Ana içeriğe atla

“HER YIL 230 MİLYON HASTAYA BÜYÜK CERRAHİ GİRİŞİM İÇİN ANESTEZİ UYGULANIYOR”

48. Ulusal Anesteziyoloji ve Reanimasyon Kongresi’nde konuşan Türk Anesteziyoloji ve Reanimasyon Derneği Başkanı Prof. Dr. Neslihan Alkış, “Her yıl dünya genelinde 230 milyon hastaya büyük cerrahi girişim için anestezi uygulanmaktadır. Bu cerrahi işlemlerle ilişkili olarak 7 milyon kişide ciddi komplikasyonlar gelişmekte ve 200 bini Avrupa’da olmak üzere yılda 1 milyon insan hayatını kaybetmektedir. Konu ile ilgilenen herkesin görevi bu komplikasyon oranlarını azaltmaya çalışmaktır” dedi.

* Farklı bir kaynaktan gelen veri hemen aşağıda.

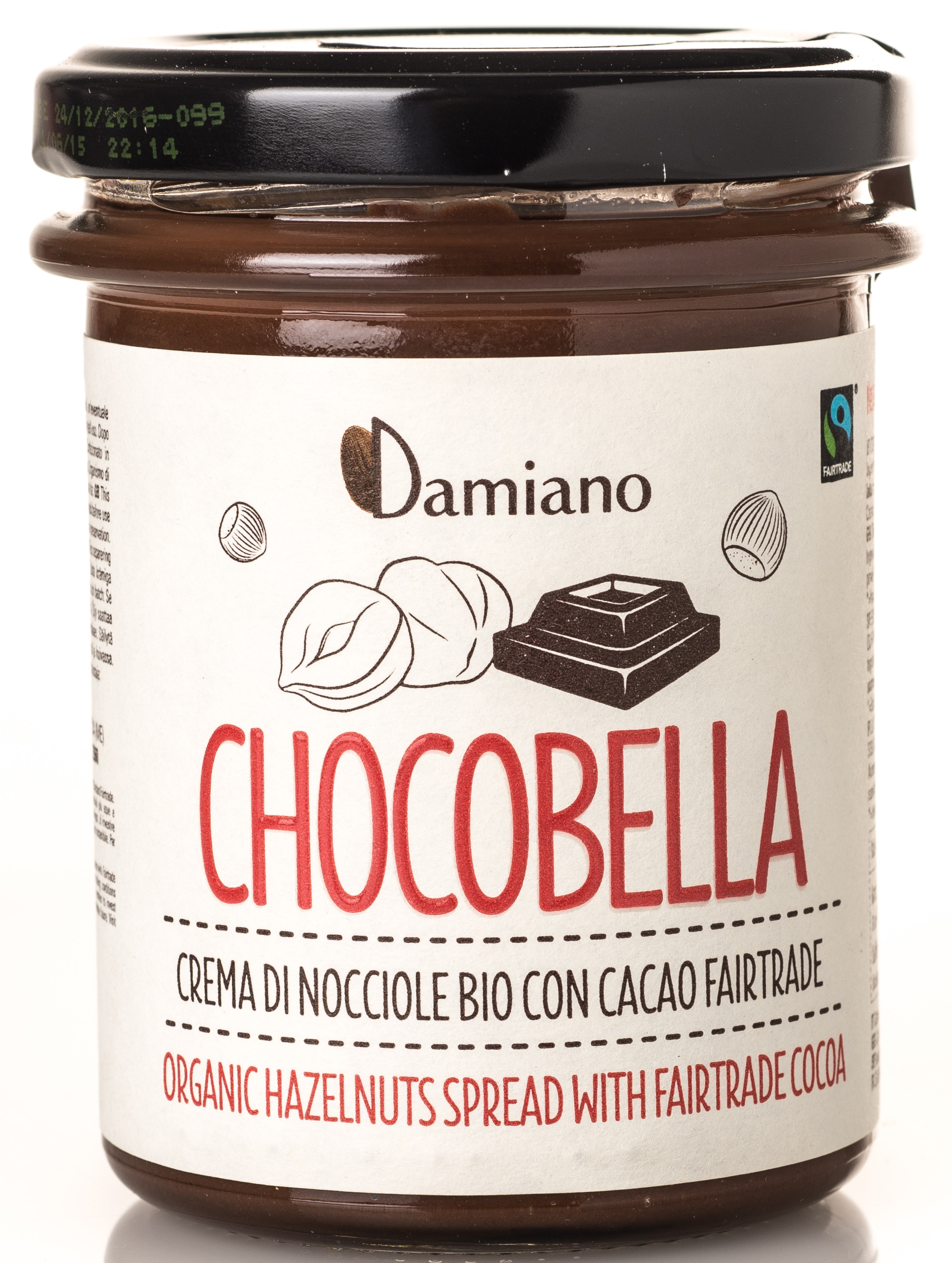 Damiano, Chocobella, Crema spalmabile alle nocciole e cacao senza olio di palma. Ingredienti: zucchero di canna grezzo, pasta di nocciole tostate 19%, cacao in polvere, latte scremato in polvere, olio di semi di girasole, pasta di mandorle pelate tostate. Prodotto certificato BIO, FAIRTRADE. |

48. Ulusal Anesteziyoloji ve Reanimasyon Kongresi basın toplantısı ATO Congresium’de yapıldı. Basın toplantısına Türk Anesteziyoloji ve Reanimasyon Derneği (TARD) Başkanı Prof. Dr. Neslihan Alkış, TARD 2. Başkanı Prof. Dr. Hülya Bilgin, TARD 2. Başkanı Prof. Dr. Güner Kaya, TARD Yönetim Kurulu Üyesi Prof. Dr. Ömer Kurtipek, TARD Genel Sekreteri Prof. Dr. Zekeriya Alanoğlu ve Resüsitasyon Derneği Başkanı Prof. Dr. Agah Çertuğ katıldı. Ayrıca, Sağlık Bakanlığı ile yürütülen ani kalp durmasında ilk yardım konulu ‘Hayata El Ver’ kampanyasının tanıtımı da yapıldı.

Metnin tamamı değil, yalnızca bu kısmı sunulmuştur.